◆ EXCERPTED RECORDS:

--------------------

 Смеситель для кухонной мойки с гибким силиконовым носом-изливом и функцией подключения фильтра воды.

--------------------

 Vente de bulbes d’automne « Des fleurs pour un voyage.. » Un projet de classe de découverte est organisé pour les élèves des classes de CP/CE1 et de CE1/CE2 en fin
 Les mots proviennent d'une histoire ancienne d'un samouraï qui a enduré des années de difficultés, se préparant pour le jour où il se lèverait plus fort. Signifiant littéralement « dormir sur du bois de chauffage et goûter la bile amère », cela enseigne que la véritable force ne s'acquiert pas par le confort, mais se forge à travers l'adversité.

--------------------

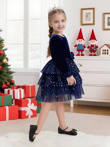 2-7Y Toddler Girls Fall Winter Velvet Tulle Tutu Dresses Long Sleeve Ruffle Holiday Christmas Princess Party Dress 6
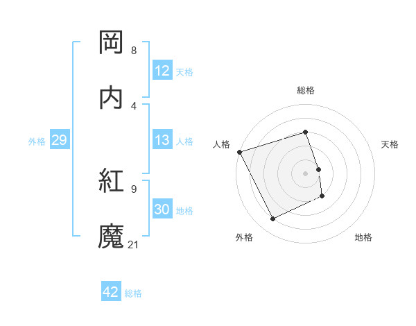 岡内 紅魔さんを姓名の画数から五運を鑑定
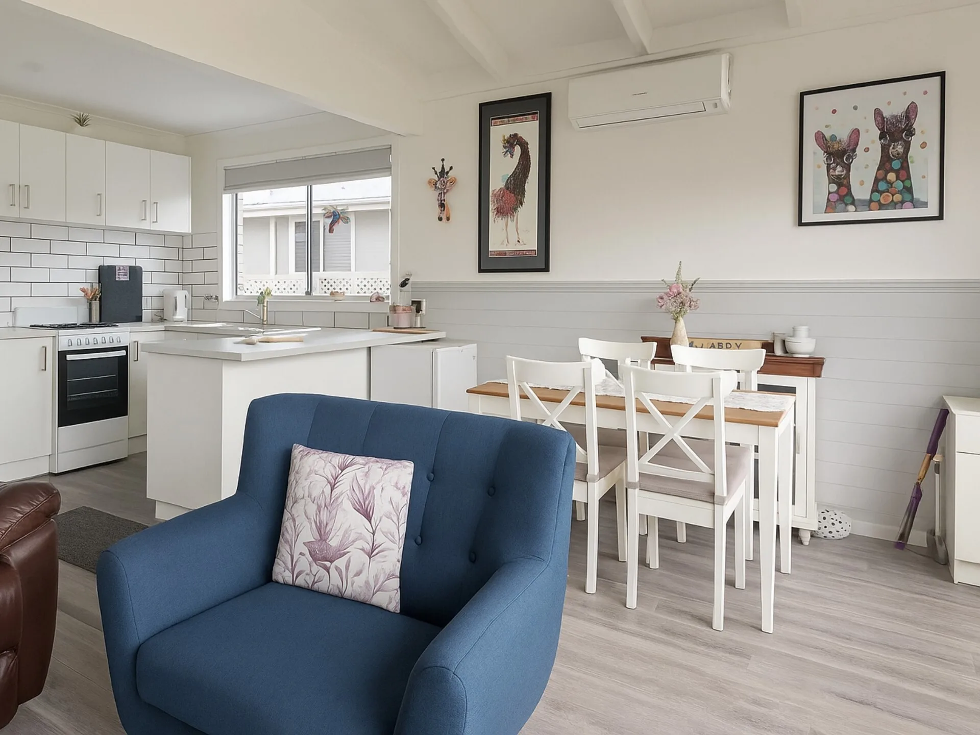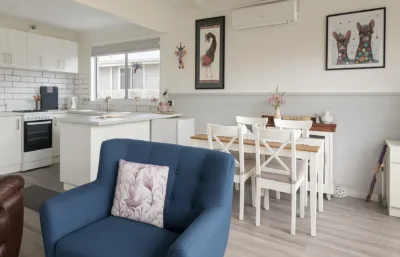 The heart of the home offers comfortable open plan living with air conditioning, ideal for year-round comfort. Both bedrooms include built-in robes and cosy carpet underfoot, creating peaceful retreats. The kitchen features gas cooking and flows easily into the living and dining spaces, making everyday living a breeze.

--------------------

◆ WORK TO COMPLETE: Could you work out how many lines in the records include "pour"? Answer with the number only.

◆ RESULT FOR THIS EXERCISE: 2